Audience publique du 16 février 2023


Cassation


M. PIREYRE, président


Arrêt n° 172 F-D

Pourvoi n° Z 21-16.229


R É P U B L I Q U E F R A N Ç A I S E

_________________________

AU NOM DU PEUPLE FRANÇAIS
_________________________


ARRÊT DE LA COUR DE CASSATION, DEUXIÈME CHAMBRE CIVILE, DU 16 FÉVRIER 2023


La société [3], société par actions simplifiée, dont le siège est [Adresse 2], a formé le pourvoi n° Z 21-16.229 contre l'arrêt rendu le 12 mars 2021 par la cour d'appel d'Amiens (2e chambre, protection sociale et du contentieux de la tarification), dans le litige l'opposant à la caisse d'assurance retraite et de la santé au travail de Normandie, dont le siège est [Adresse 1], défenderesse à la cassation.

La demanderesse invoque, à l'appui de son pourvoi, les deux moyens de cassation annexés au présent arrêt.


Le dossier a été communiqué au procureur général.

Sur le rapport de Mme Renault-Malignac, conseiller, les observations de la SCP Célice, Texidor, Périer, avocat de la société [3], de la SCP Gatineau, Aa et Rebeyrol, avocat de la caisse d'assurance retraite et de la santé au travail de Normandie, et l'avis de M. de Monteynard, avocat général, après débats en l'audience publique du 10 janvier 2023 où étaient présents M. Pireyre, président, Mme Renault-Malignac, conseiller rapporteur, Mme Taillandier-Thomas, conseiller doyen, et Mme Catherine, greffier de chambre,

la deuxième chambre civile de la Cour de cassation, composée des président et conseillers précités, après en avoir délibéré conformément à la loi, a rendu le présent arrêt.


Faits et procédure

1. Selon l'arrêt attaqué (Amiens, 12 mars 2021), M. [F] (la victime), employé en dernier lieu au service de la société [3] (la société), du 26 août 1968 au 31 octobre 2003, a déclaré, le 9 juillet 2019, une affection consécutive à l'inhalation de poussières d'amiante qu'une caisse primaire d'assurance maladie a prise en charge, au titre de la législation professionnelle.

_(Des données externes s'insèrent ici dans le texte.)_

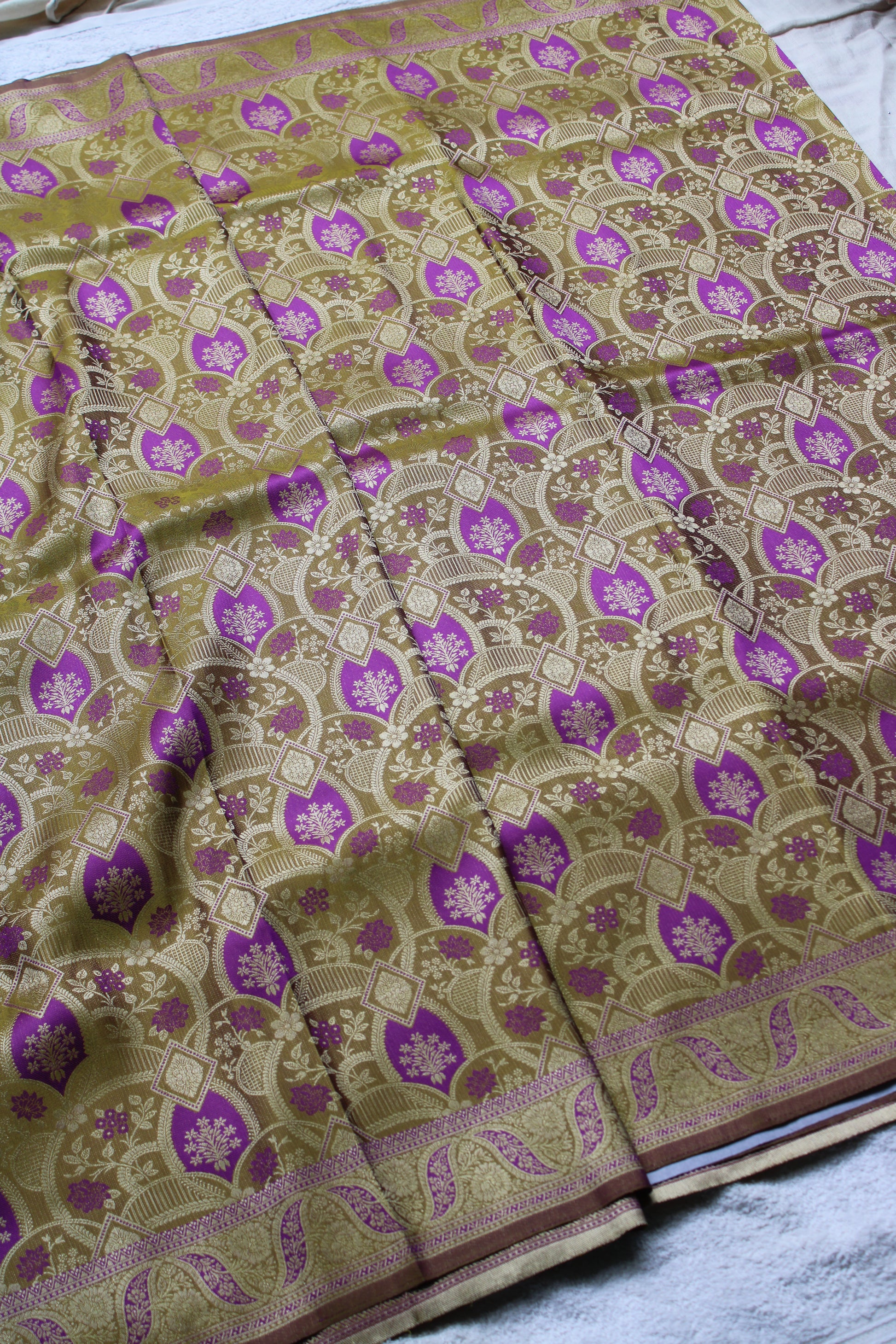 Light Green and Purple dual share Soft silk saree with allover design

2. La caisse d'assurance retraite et de la santé au travail de Normandie (la CARSAT) ayant imputé au compte employeur d'un des établissements de la société les dépenses afférentes à la maladie professionnelle de la victime, la société a saisi d'un recours la juridiction de la tarification en demandant leur retrait et l'inscription de ces dépenses au compte spécial, en application des 3° et 4° de l'article 2 de l'arrêté du 16 octobre 1995🏛.


Examen des moyens

Sur le premier moyen, pris en sa deuxième branche

Enoncé du moyen

3. La société fait grief à l'arrêt de rejeter son recours, alors « qu'en cas de contestation judiciaire, il incombe à la CARSAT d'établir que le dernier employeur auquel elle entend tarifer la maladie professionnelle a exposé la victime au risque à l'origine de sa maladie ; qu'en déboutant la société [3] de son recours au motif : « qu'il incombe à l'employeur de démontrer qu'il n'a effectivement pas exposé son salarié au risque de sa maladie », la cour d'appel a inversé la charge de la preuve en dispensant la CARSAT d'avoir à établir que la victime avait été exposée au risque chez son dernier employeur en violation des articles R. 441-11, R. 441-13, R. 441-14, D. 242-6-1, D. 242-6-5 et D. 242-6-7 du code de la sécurité sociale, ensemble de l'article 2, 3°, de l'arrêté du 16 octobre 1995🏛🏛 et de l'article 1353 du Code civil🏛. »


Réponse de la Cour

Recevabilité du moyen

4. La CARSAT conteste la recevabilité du moyen. Elle soutient qu'il ne serait pas compatible avec la position prise par la société dans ses conclusions.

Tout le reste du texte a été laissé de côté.